I am on holidays. Poke me in a 3+ days
3+ days @oxinabox 😆
@inline function overdub(ctx::TaggedCtx{T}, f, arg1, arg2, arg3, arg4, arg5, args...) where {T}
return Cassette.recurse(ctx, args)
end
@inline function overdub(ctx::TaggedCtx{T}, f, args) where {T}
# find the position of the dual number with the highest
# precedence (dominant) tag
idx = find_dual(Tag{T}, args...)
if idx === 0
# none of the arguments are dual
Cassette.recurse(ctx, f, args...)
else
...
end
end
Or (since recursing is the default):
for nargs in 1:4
arg_names = ntuple(n->Symbol(:arg, n), nargs)

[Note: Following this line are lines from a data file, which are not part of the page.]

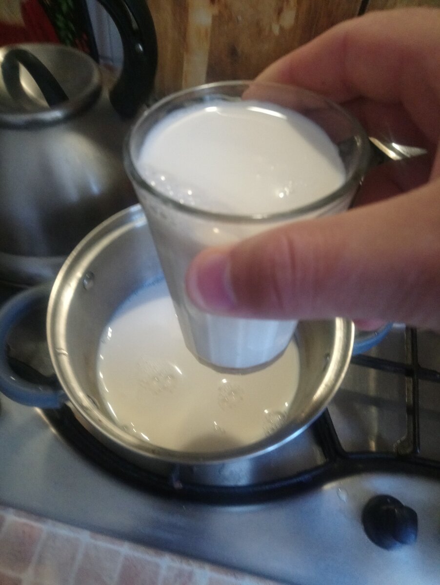 Четыре ложки манной крупы, засыпаю в холодное молоко.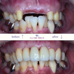 | 治療内容 | 主訴:前歯がぐらぐらする 上顎前歯部で重度の歯周病がみられ、激しい動揺がありました。唇側にフレアアウトしており、このまま放置すると自然脱落のリスクが高い状態でした。 単純に歯を残すのではなく、「機能・見た目・長期安定」を満たす治療を重視しました。 そのため ・保存不可能な歯の抜歯 ・歯周基本治療(炎症のコントロール) ・補綴治療による審美・機能回復 を段階的に行いました。 治療後 ・前歯の動揺は消失 ・噛める機能を回復 ・自然で違和感のない見た目 患者様からは「人前で笑えるようになった」とのお声をいただきました。 |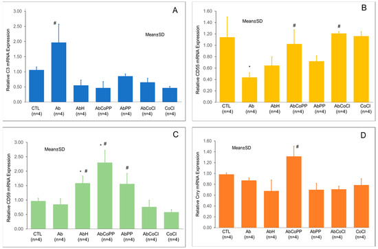 Effect of treatment of rats with podocyte immune injury on expression levels (mRNA) of C3, CD55, CD59, and Crry in whole cortex assessed using dPCR. Values are expressed as means and standard deviations. Analysis of Variance (ANOVA) was used to determine mean differences in mRNA levels across groups. Post hoc pairwise comparisons were performed using Tukey–Kramer’s tests. Panel (A): In rats with immune injury (Ab group), cortical C3 mRNA levels increased compared to controls (CTL group). This effect was reversed in all treatment groups (AbH, AbCoPP, AbCoCl). #, indicates a significant difference between the Ab group and all other groups. Panel (B): In rats with immune injury (Ab group), CD55 mRNA was significantly reduced compared to the CTL group (indicated by *). FePPIX treatment (AbH group) partially but not significantly reversed CD55 mRNA reduction, and levels remained significantly lower compared to controls (CTL). Both CoPPIX and CoCl2 treatments (AbCoPP, AbCoCl groups) significantly reversed CD55 reduction compared to the Ab group (indicated by #) to levels that were no different from the controls. PPIX treatment (AbPP group) had no significant effect. Panel (C): Immune injury (Ab group) had no effect on CD59 mRNA levels compared to controls. Treatment of rats with immune injury with FePPIX (AbH group), CoPPIX (AbCoPP group), or PPIX (AbPP group) significantly increased CD59 mRNA (indicated by #) compared to untreated animals (Ab group) and to the control group (indicated by *). CoCl2 treatment (AbCoCl group) had no effect. Panel (D): Immune injury (Ab group) had no effect on cortical Crry mRNA levels compared to controls (CTL group). Crry mRNA in rats with immune injury increased significantly (indicated by #) only in response to CoPPIX treatment (AbCoPP group).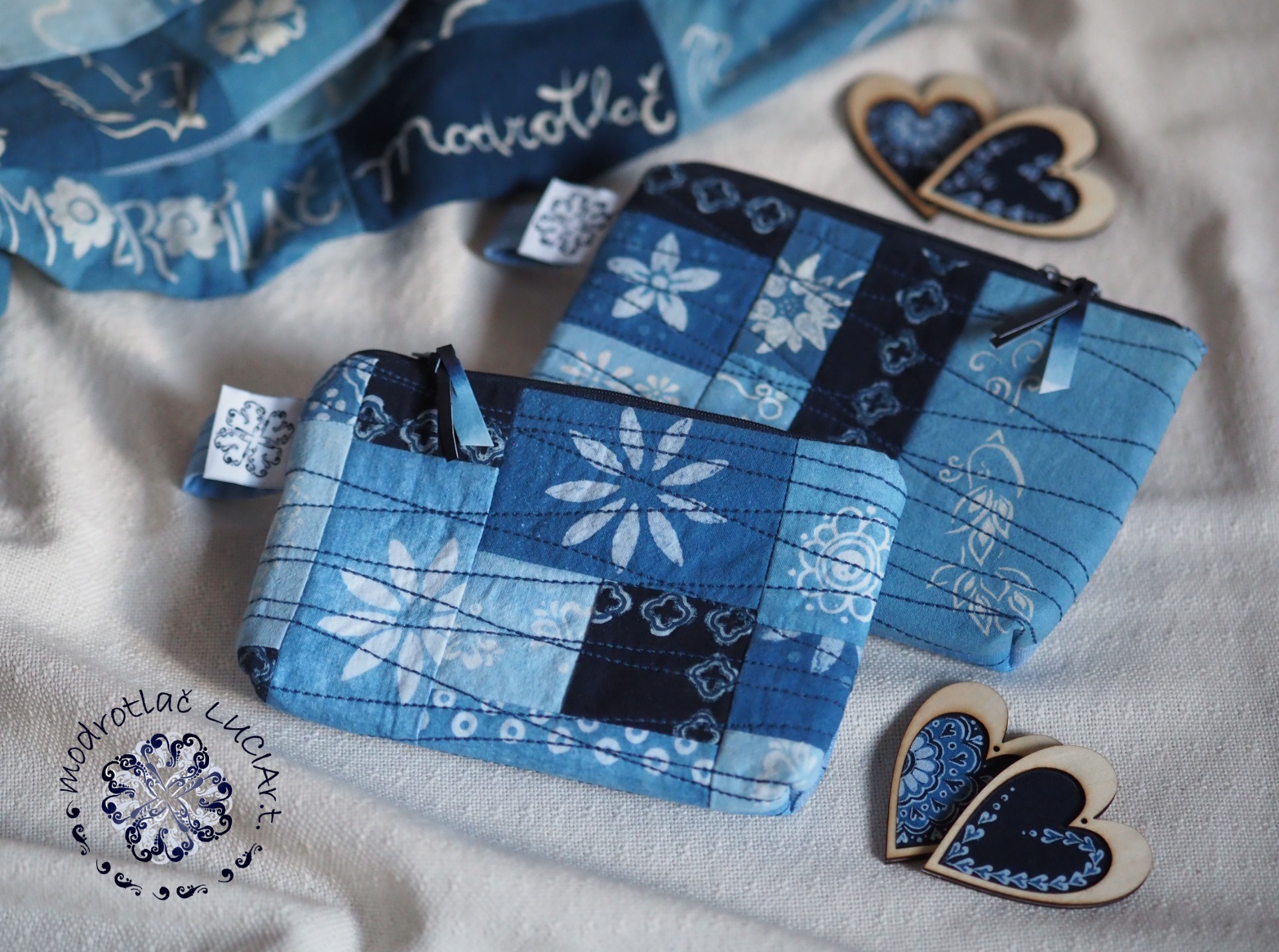 Modrotlač: modrotlač vzorujem i farbím vo vlastnej dielničke Modrotlač LUCIA r.t., technologicky tradične, vzorovanie ručné.

@eval @inline function overdub(ctx::TaggedCtx{T}, f, $(arg_names...)) where {T}
# find the position of the dual number with the highest
# precedence (dominant) tag
idx = find_dual(Tag{T}, $(arg_names...))
if idx === 0
# none of the arguments are dual
Cassette.recurse(ctx, f, $(arg_names...))
else
...
end
end
end
Which will remove the runtime splatting entirely
@YingboMa was this solved?
It hasn't been solved yet, but there is an improvement.
julia> using ForwardDiff2: dualrun
julia> using BenchmarkTools
julia> @btime dualrun(()->rand())
453.505 ns (1 allocation: 32 bytes)
0.6022948398960193